Морковников понуро поплелся в ванную, на ходу стаскивая кеды, джинсы и свитер, и даже не полюбовался мелькнувшей в зеркале стройной своей фигурой. Странное чувство прощания вдруг охватило его на пороге ванной. Жена что-то говорила веселым голосом, кажется, что-то о сыне, которого сегодня удалось спровадить в школу, но он не слушал. Он обвел взглядом «огромность квартиры, наводящей грусть», и вдруг увидел в коридоре за телефонным столиком качающийся контур любви, легкий контур, похожий на «формулу жизни», созвездие винных ягод, просвеченных морозом и соединенных еле видимым пунктиром. Его квартиру посетила любовь!

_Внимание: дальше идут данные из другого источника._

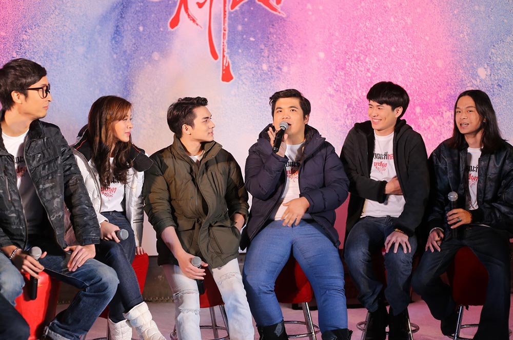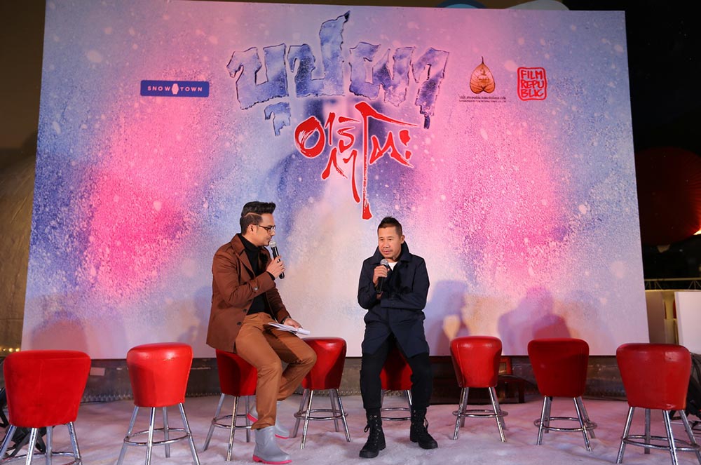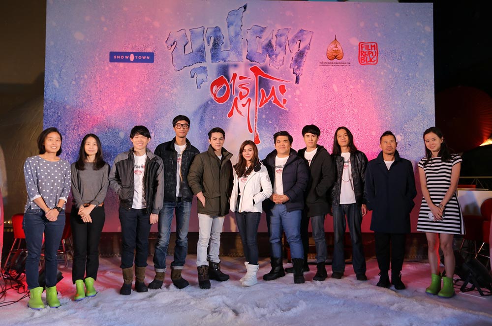 คุณชมศจี เตชะรัตนประเสริฐ รองประธานกรรมการฝ่ายขาย จากบริษัทสหมงคลฟิล์ม อินเตอร์เนชั่นแนล ขึ้นถ่ายรูปพร้อมผู้กำกับและนักแสดง

Ему показалось даже, что протяни палец, и он ткнется в упругое желе, он сделал было шаг, но в следующий миг — о эти следующие чередой миги! — конгломерат исчез, отнюдь не испарился, а проник в другую сферу, кажется, на кухню, ибо оттуда донесся веселый голос жены: «Надежды ма-а-а-ленький оркестрик…» Поет!
Быть может, вся эта чертовщина есть легкий приступ малокровия, короткое пожатие авитаминоза? Морковников вонзил в икроножную мышцу иглу «медикануса» — автономного филиала своих знаменитых часов. Все стрелки колебались в пределах нормы.
Жена поет. Это вызов? Неужели что-нибудь проведала? Аделаида? Моник? Анастасия? Чиеко-сан? Присцилла фон Крузен? Эрнест Аполлинариевич никогда не влюблялся и много лет уже поддерживал с противоположным полом только дружеские, научные и спортивные связи. Главное, не терять самообладания. Во-первых, может быть, жена просто так фишии прощупывает, а, во-вторых, возможно, все это липа, дешевый розыгрыш коллег или, на крайний случай, непредвиденный скачок взнузданного организма.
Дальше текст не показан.